Guliyev owns Asure stock, and filed the complaint against the defendants as a result of their “solicitation of stockholder approval of an amendment to the Restated Certificate of Incorporation of Asure Software.” If the proposed amendment is approved, it “would increase the total number of authorized shares of Asure’s capital stock from 23,500,000 to 45,500,000 and the number of authorized shares of Asure’s common stock from 22,000,000 to 44,000,000.” Asure filed a proxy statement with the SEC in April and has urged stockholders to vote in favor of the proposal at the annual meeting.
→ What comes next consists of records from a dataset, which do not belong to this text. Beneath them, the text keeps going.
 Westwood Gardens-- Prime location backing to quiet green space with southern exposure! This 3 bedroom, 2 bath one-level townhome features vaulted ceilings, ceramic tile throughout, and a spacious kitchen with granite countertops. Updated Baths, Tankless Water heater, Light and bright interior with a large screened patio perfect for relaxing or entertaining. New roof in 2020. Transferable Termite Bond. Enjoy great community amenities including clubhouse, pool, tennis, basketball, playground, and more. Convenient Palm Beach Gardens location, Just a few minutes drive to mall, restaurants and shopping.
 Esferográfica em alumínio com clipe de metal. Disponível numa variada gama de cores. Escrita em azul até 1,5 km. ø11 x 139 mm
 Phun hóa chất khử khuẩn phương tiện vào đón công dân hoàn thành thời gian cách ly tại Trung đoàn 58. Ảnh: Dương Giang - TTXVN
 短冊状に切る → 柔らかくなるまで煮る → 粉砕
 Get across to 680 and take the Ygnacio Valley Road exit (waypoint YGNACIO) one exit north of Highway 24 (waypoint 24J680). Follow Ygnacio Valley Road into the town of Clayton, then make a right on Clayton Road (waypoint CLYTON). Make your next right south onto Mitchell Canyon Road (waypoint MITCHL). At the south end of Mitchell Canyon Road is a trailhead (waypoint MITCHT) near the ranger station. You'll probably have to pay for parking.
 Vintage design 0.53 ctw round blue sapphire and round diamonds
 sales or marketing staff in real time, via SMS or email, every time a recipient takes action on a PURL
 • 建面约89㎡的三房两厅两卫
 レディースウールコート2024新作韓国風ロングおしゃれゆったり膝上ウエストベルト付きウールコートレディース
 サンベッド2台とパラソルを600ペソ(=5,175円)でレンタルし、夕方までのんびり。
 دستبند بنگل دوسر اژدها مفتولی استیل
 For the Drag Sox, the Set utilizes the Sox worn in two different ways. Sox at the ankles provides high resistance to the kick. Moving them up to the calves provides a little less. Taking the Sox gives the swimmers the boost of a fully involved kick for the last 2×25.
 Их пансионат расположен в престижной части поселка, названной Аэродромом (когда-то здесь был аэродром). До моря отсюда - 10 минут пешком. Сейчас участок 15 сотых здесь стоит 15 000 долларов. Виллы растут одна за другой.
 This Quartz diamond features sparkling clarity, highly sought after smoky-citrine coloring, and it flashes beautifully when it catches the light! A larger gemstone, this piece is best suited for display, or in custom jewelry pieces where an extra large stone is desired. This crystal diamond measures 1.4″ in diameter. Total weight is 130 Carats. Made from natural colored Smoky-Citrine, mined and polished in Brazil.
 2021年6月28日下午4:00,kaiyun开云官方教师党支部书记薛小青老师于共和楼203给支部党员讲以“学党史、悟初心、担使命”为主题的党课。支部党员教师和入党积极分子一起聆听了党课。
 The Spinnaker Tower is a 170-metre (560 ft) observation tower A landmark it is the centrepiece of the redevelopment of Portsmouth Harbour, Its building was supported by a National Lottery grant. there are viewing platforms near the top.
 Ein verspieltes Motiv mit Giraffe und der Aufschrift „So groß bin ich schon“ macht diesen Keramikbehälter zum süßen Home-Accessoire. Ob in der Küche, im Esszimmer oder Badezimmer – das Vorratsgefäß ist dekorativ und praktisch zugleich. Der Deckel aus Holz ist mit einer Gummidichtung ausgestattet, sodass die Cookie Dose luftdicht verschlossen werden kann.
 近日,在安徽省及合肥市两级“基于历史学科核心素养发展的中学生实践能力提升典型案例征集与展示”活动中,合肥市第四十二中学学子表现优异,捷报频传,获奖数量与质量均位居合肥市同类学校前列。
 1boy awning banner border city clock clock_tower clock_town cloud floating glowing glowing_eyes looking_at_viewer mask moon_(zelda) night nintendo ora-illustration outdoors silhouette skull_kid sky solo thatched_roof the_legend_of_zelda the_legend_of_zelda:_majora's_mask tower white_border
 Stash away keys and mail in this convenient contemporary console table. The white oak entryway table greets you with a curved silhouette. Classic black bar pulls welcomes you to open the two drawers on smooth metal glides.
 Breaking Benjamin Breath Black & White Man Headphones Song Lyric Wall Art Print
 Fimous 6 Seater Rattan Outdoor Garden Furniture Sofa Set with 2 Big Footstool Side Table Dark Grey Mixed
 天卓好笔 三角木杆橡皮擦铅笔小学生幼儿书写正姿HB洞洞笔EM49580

The proxy statement said approving the proposal “requires the affirmative vote of the shares which are present or represented by proxy at the Annual Meeting.” However, the plaintiff argued that this was materially false and misleading because “Delaware General Corporation Law (DGCL) specifies a statutory standard for amendment to corporate charters [which require] ‘a majority of the outstanding stock entitled to vote thereon.’” The plaintiff said the “disclosure in the Proxy concerning the threshold for approval of the Certificate Proposal is at odds with the standard specified in the DGCL.” i
Asure has outstanding stock and it wants to increase its shares to support its growth. It currently has 23,500,000 shares of capital stock, made up of 22,000,000 common stock shares and 1,500,000 preferred stock shares. “As of April 22, 2020, 15,743,199 shares of the Company’s common stock were outstanding, net of 384, 159 treasury shares, and no shares of preferred stock were outstanding.” Additionally, for the authorized common stock 1,214,647 common stock shares are reserved for reserved stock, 1,898,555 shares were reserved for future issuing with Asure’s incentive plan and 300,605 shares available for issuance under Asure’s Amended Purchase Plan. Therefore, 2,458,835 common stock shares were unreserved and available for future use as of April 22. The plaintiff stated that he and other stockholders “have not been accurately apprised of the applicable statutory standard that must be satisfied for the Certificate Proposal to carry” because of the differences in the Proxy and DGCL. They added that the Board misrepresented this information, which is “at direct odds with the DGCL.” As a result, the plaintiff concluded that stockholder votes could be compromised.
Guliyev alleged that defendants have violated Section 14(a) of the Securities Exchange Act and Rule 14a-9 for the false and misleading statements in the proxy. Guliyev claimed that the Board is responsible for failing to disclose accurate information and for their negligence. He also accuses the defendants of breaching their fiduciary duty by producing a proxy statement with allegedly false and information.
The complaint was filed in the Delaware District Court. Guliyev is represented by Farnan.